▶ [Problem statement]:
Copy out the entries below exactly as they stand, but only from the line containing "建筑設備租賃網(wǎng)站建設作品賞析之佛山久和程機械租賃有限公司" through the line containing "10. sınıf biyoloji".
--- Dataset content Enclosed Below ---
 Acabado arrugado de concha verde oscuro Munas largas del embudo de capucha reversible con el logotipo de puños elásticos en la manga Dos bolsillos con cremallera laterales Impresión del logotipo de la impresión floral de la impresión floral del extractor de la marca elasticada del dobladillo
--- End of Enclosed Dataset content ---
--- Dataset content Enclosed Below ---
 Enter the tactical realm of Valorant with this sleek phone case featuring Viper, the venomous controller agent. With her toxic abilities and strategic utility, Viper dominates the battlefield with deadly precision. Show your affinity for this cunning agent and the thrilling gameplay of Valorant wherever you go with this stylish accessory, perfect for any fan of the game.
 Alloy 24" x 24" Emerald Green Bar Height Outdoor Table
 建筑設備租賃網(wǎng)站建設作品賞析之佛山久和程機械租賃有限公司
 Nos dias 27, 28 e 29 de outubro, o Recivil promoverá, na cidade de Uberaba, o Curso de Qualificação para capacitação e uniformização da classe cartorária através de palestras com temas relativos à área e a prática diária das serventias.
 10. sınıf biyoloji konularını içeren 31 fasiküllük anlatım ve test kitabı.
--- End of Enclosed Dataset content ---
▶ [Exercise solution]:
 建筑設備租賃網(wǎng)站建設作品賞析之佛山久和程機械租賃有限公司
 Nos dias 27, 28 e 29 de outubro, o Recivil promoverá, na cidade de Uberaba, o Curso de Qualificação para capacitação e uniformização da classe cartorária através de palestras com temas relativos à área e a prática diária das serventias.
 10. sınıf biyoloji konularını içeren 31 fasiküllük anlatım ve test kitabı.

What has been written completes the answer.